**EXTRACTED INFORMATION**
▼
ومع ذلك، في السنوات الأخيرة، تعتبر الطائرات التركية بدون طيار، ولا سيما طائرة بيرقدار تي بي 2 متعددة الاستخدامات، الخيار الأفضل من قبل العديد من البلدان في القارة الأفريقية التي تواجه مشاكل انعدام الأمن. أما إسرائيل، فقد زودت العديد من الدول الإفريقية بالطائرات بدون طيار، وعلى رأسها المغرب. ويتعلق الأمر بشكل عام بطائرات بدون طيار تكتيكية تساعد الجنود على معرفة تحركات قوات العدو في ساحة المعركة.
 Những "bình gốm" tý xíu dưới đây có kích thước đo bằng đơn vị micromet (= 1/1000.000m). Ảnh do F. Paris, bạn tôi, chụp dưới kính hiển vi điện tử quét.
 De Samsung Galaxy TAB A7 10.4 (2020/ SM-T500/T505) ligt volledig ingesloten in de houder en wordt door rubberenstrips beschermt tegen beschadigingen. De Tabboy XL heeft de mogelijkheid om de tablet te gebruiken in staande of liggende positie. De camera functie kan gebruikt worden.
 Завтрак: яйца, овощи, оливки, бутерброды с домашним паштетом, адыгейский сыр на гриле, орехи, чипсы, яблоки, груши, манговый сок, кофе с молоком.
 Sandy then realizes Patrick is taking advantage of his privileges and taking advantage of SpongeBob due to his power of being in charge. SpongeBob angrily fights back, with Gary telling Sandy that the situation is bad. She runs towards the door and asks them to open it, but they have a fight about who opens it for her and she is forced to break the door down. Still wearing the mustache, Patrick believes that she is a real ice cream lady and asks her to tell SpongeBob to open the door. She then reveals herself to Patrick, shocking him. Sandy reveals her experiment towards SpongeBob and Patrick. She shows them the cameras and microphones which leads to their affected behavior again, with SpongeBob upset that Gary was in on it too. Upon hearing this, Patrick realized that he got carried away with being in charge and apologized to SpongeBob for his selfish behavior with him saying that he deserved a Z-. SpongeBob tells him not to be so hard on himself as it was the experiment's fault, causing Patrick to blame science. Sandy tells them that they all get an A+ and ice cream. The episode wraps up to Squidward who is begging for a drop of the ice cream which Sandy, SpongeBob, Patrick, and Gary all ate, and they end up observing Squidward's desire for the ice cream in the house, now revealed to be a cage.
▲
▼
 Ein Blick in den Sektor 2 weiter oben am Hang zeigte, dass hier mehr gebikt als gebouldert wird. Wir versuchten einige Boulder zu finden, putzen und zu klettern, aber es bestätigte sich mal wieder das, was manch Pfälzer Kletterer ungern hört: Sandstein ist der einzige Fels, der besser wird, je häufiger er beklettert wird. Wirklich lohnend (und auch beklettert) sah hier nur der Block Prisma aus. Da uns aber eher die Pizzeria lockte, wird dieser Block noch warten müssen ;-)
▲
▼
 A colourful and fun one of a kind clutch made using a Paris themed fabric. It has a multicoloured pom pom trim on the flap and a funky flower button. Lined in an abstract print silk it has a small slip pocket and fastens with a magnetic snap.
▲
**WHAT NEEDS TO BE DONE**
Looking at the data above, write out exactly the lines that start at the one containing "ومع ذلك، في" and end at the one containing "điện tử quét."; include both and nothing beyond.

**WRITTEN REPLY**
ومع ذلك، في السنوات الأخيرة، تعتبر الطائرات التركية بدون طيار، ولا سيما طائرة بيرقدار تي بي 2 متعددة الاستخدامات، الخيار الأفضل من قبل العديد من البلدان في القارة الأفريقية التي تواجه مشاكل انعدام الأمن. أما إسرائيل، فقد زودت العديد من الدول الإفريقية بالطائرات بدون طيار، وعلى رأسها المغرب. ويتعلق الأمر بشكل عام بطائرات بدون طيار تكتيكية تساعد الجنود على معرفة تحركات قوات العدو في ساحة المعركة.
 Những "bình gốm" tý xíu dưới đây có kích thước đo bằng đơn vị micromet (= 1/1000.000m). Ảnh do F. Paris, bạn tôi, chụp dưới kính hiển vi điện tử quét.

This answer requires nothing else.